Previous studies demonstrate a difference in the accuracy of MRI in diagnosing these injuries [9]. Multiple factors can play a major role in MRI accuracy in detecting TFCC lesions; the magnetic field strength is one of these factors as it was shown by Anderson et al. who suggested that imaging with 3.0 T offers higher quality at a given spatial resolution [10]. Special coils were used while scanning and the area under investigation also have their reflection on the accuracy of imaging [15,20]. Moreover, Haims et al. reported that MRI was not accurate in detecting TFCC abnormalities, especially peripheral tears (avascular area), and that the experience of the radiologist interpreting the MRI findings has a significant influence on the ability to detect and localize TFCC abnormalities [20].

It is apparent from the results that prevalence of TFCC among asymptomatic individuals is correlated with age. Chan et al. has also showed that rate of TFCC abnormality increases among symptomatic individuals with age. These findings persuades that the occurrence of incidental fibrocartilage complex abnormalities commonly occur independent of the symptoms and probability of their prevalence increases with age. It is also not clear whether the interventions used for addressing triangular fibrocartilage complex variations are better as compared to the natural history because of varying surgical outcomes they provide [21-23].

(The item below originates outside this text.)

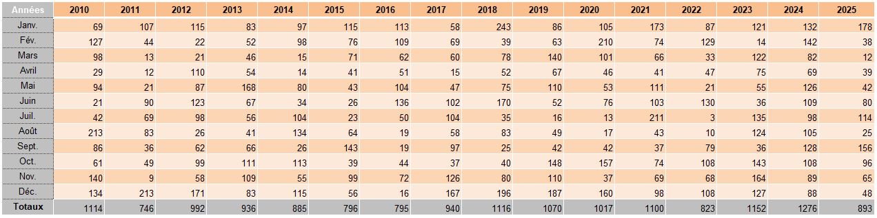 Pluviométrie 2025

The findings made by Potter et al. have underlined limitations of MRI for distinguishing between the complete and partial fibrocartilage tears because among 90% of the participants the results remained unclear [15]. Probability of misinterpretations is present in TFCC examination through MRI as full-thickness disruptions usually appear as partial disruptions in MRI images. Even though the limitations are present, the soft tissue contrast that MRI offers is of superior quality and enables visualization of TFCC morphology meanwhile also allowing differentiation between the degenerative infra-substance tears that corresponds to increase in signal intensity in the articular disc region and traumatic detachments present at discrete areas in the periphery.

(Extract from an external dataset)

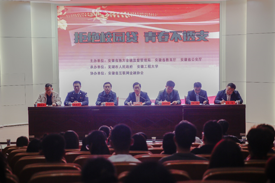 10月18日下午,由省地方金融监管局、省教育厅、省公安厅主办,芜湖市人民政府、RayBetApp官网下载 承办的全省校园防范“套路贷”“校园贷”专题宣传教育活动启动仪式,在学校学术报告厅举行。省地方金融监管局副局长戴利强、RayBetApp官网下载 副校长郑健、省教育厅思政处处长林兴德、省公安厅打黑除恶队队长魏来华等领导出席启动仪式。仪式由芜湖市人民政府副秘书长汪世明主持。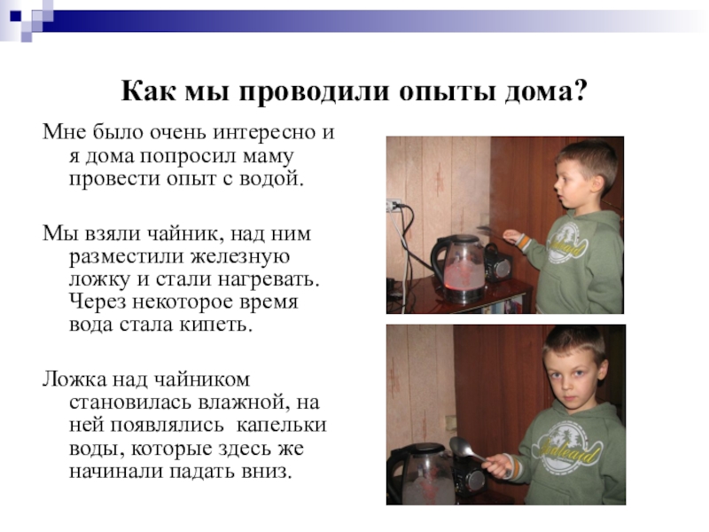 Ложка над чайником становилась влажной, на ней появлялись капельки воды, которые здесь же начинали падать вниз.

Kato et al. showed contradictory results wherein a comparison between the high resolution MRI and standard MRI for detection of TFCC was performed among 33 individuals. Even though, the high resolution MRI appeared to show higher sensitivity, the specificity it showed for assessing TFCC was significantly low. The study therefore concluded that diagnosis of TFCC tears by MRI (both standard and high resolution) remain unsatisfactory. However, it has also been reported that accuracy of the modality is undoubtedly higher for detecting TFCC lesions among asymptomatic individuals and further can be enhanced through incorporation of better technology options [6].

In conclusion, results in the given study simply showed less prevalence of TFCC abnormalities among healthy individuals as compared to other studies in the literature which can be explained by the young age of volunteers. These results can also be attributed to the fact that the study the study did not utilize any standard for determining the specificity and sensitivity for MRI as in other studies [15]. Finally, correlation of these results are required to be correlated with patient’s history and physical examination. There are some limitations to this study, which include the small sample size. Studies including larger number of participants with a wider age range are needed to demonstrate the correlation between age and TFCC.